News and Opinion from Sisters, Oregon
In which the writer continues to contemplate and blather upon the subject of joy, inspired by a writing prompt in musician and writer Nick Cave’s column “The Red Hand Files.” Mr. Cave seemed to advocate seeking out joy, treating joy as a decision that one makes. Here’s where we left off last column (Click here to see previous column.):
We can court joy and look for it. We can imagine it is within our control. Or we can turn our back and wait for it to tap us on the shoulder.
We can experience long, arduous times of stress and grief and caregiving, misery and depression and illness, suicidal ideation and the bleak muffling of our senses. Forcing ourselves into joy may not be the remedy. Crawling through the darkness on our hands and knees, blindfolded, our mouths gagged, may be the only way through. Only after we satisfy the needs of Ereshkigal and Hades and Persephone in the underworld may our joy rise again.
How do I find joy? By relishing my one short life here in Earth School. By going deep underground when necessary and refusing to slap a smiley face on trauma, grief, and shadow. By not demanding constant joy of myself, but often placing myself in situations where I can engage with the world’s ever-cycling magics: wandering the woods, lying on my back watching stars, sitting in the totality of a solar eclipse for over two minutes, marveling and laughing.
I find joy drinking tea with my close friends, playing music, singing, writing poetry. I find joy visiting a holy spring where ice-melt water burbles out of the ground. Taking walks, solo or with loved ones, silent or recording a podcast, stopping to wrap my body around giant ponderosa pines with crackling orange and black bark, breathing in their deep smells of vanilla and sunlight.

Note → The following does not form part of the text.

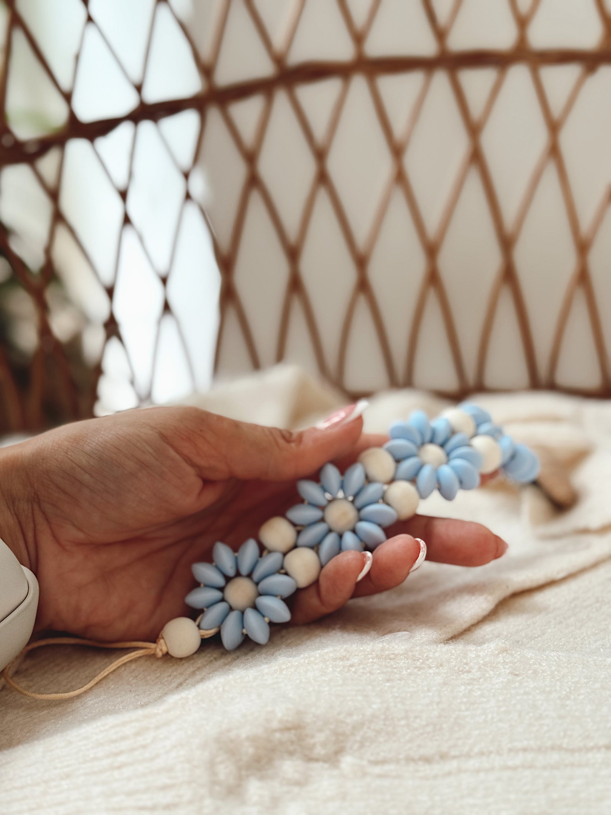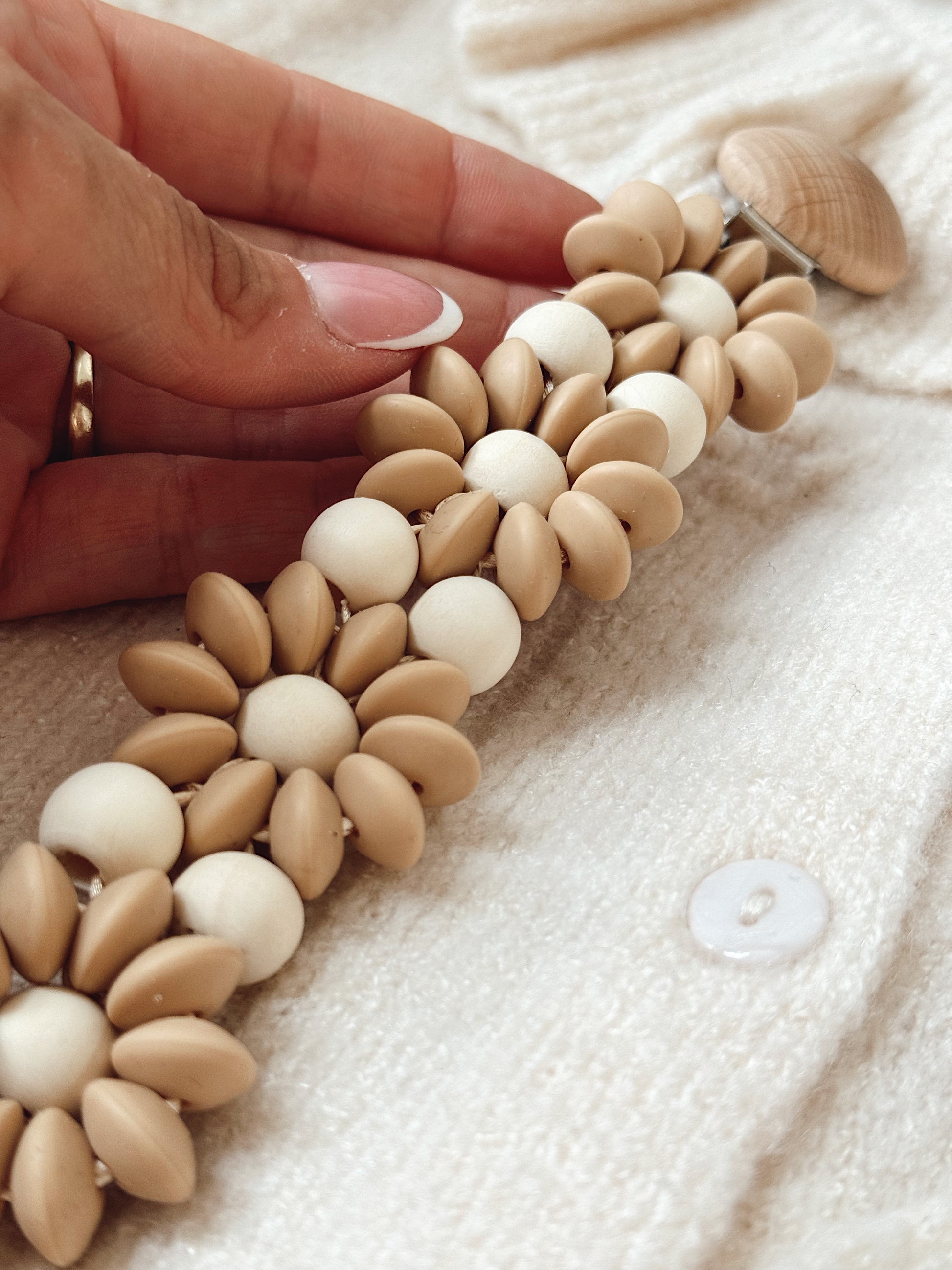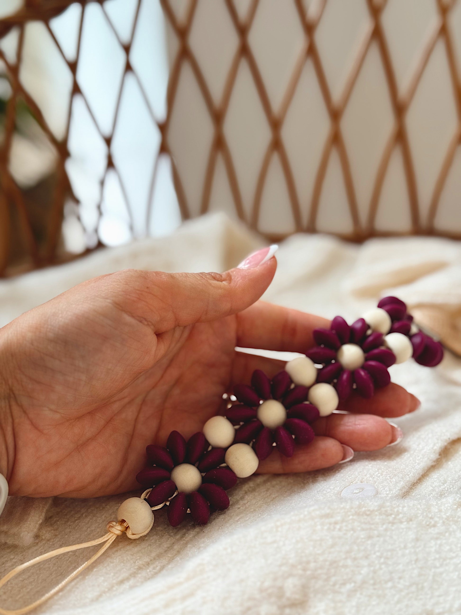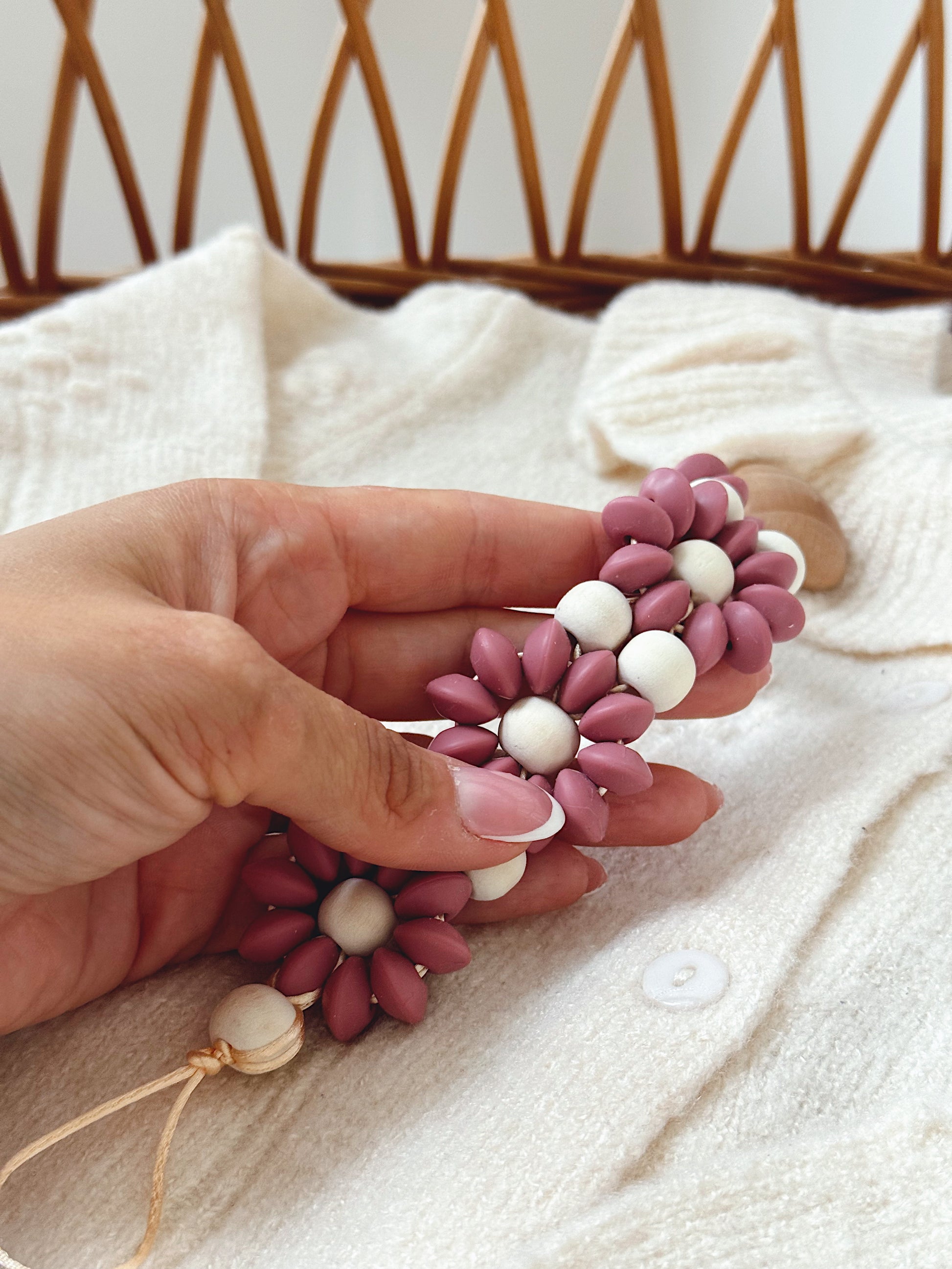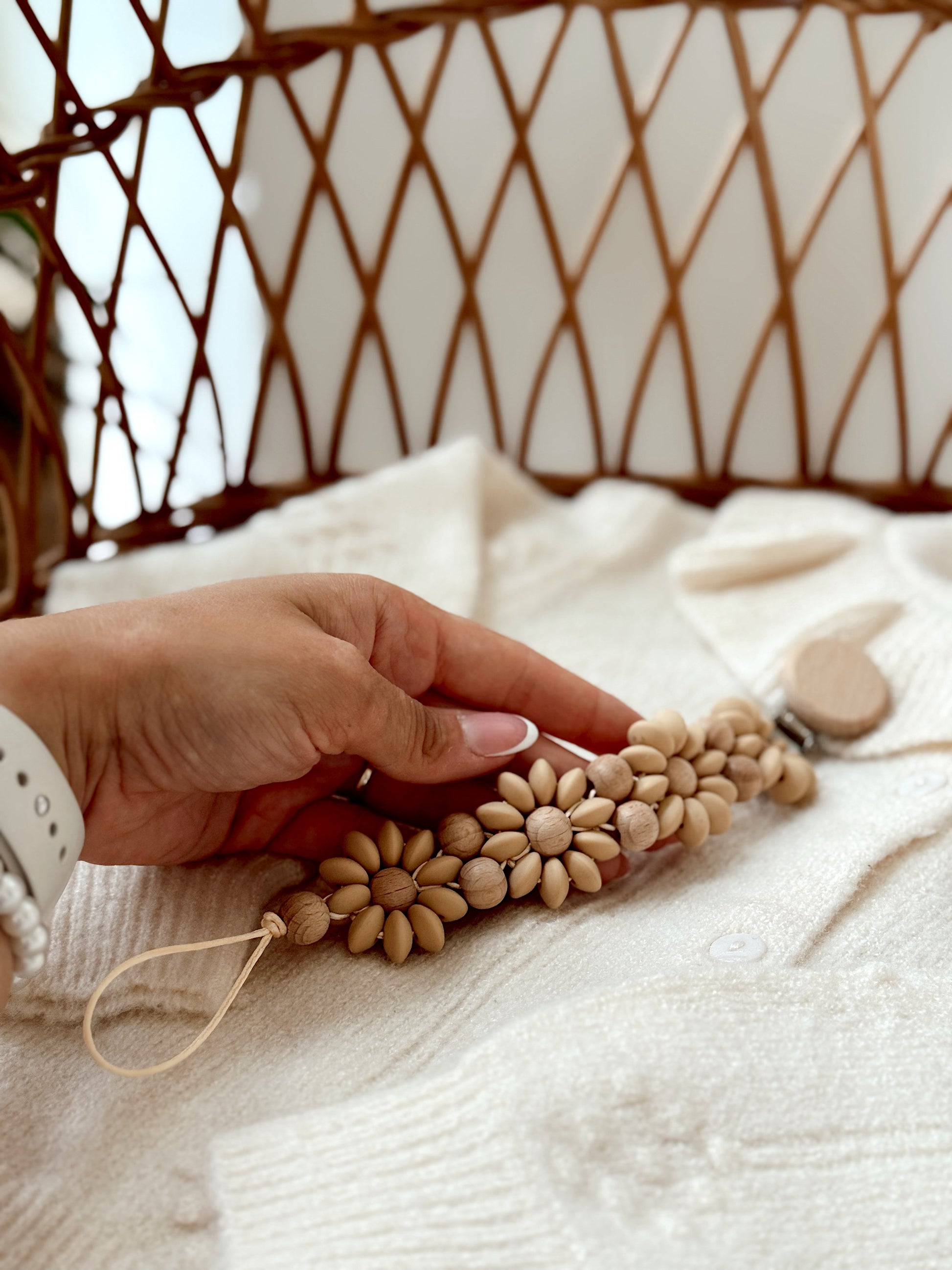 Klip na dudlík s kopretinou je ručně vyrobený přívěšek v kombinaci netoxických silikonových a dřevěných korálků. Stylový doplněk a zároveň praktický pomocník. Díky jemným barvám a přírodnímu dřevu se hodí ke každému outfitu i kočárku. Zabraňuje pádu dudlíku na zem a je ideální na procházky i doma.

I find joy camping and playing Yahtzee with my hilarious, wild, cackling mom and her sisters. Allowing myself to write, even when the poem or song that comes out is intense and dark and kinda freaks me out. Writing for my community in the local newspaper. Yeah, this one.
Every so often, I find joy in visiting the city where I used to live, experiencing my friend Soriah perform his beautiful shamanic throat singing. I take joy in how he has learned and practiced his art for decades, becoming a master. Now he’s opening for musicians we’ve admired since we were young, back when we played in bands together, bands no one has ever heard of.
And then I dance with unpremeditated exuberance as Bauhaus or Love and Rockets takes the stage. It is like church, to sing these songs along with my fellow fans, who are also brimming with joy. The bubbling sensation follows me to the after-party, where I see friends whose equally joyful faces I haven’t seen in years.
The most significant way in which I have courted joy, though, is raising children. Dropping into the strange version of time they inhabit, sitting with the giggles and the learning and imagination, and also the boredom. The grit and the splendour, the poop and the milk.
Spending hour after hour on the floor with my seven-year-old stepdaughter playing our homemade game, Harry Potter Puppets. Curling up together for Movie Night every Tuesday, watching The Princess Bride and eating mac and cheese. Inventing story after story for her, and later for her little brother.
In the parking garage at the hospital where his dad lay intubated and incoherent after his brain injury, showing our 19-month-old son how to sing into the concrete staircase, sing into the nighttime expanse of the garage’s first floor, teaching him words like “reverb” and “delay.” Sharing his joy as he punched the elevator button, lighting it up, so we could rise on up to the brain injury ward.
To the child, joy comes naturally — as naturally and immediately as hunger, pain, delight, and howling dissatisfaction when their needs aren’t met. The child enacts all these intense, mammalian desires and states of being without premeditation or filters. The child does not ask for joy.
For us grownups, perhaps it’s not about seeking out joy but rather responding to our woes and desires with directness and honesty. The child is observant, embodied, flowing with awareness through their body. They are honest enough to cry when the red ball bounces out of view, possibly never to be seen again. They are bright enough to sense the joy waiting to burst forth from a dandelion, a funny-shaped cloud, a speck of green sprout poking up through miles of dead ash.
A little child shall lead them. Perhaps we should follow.
PS: Within a few years later my husband recovered, becoming a man more interested in spiritual and philosophical matters than he’d ever been before. I take joy in his existence, a joy sharpened by knowing how close I came to losing him.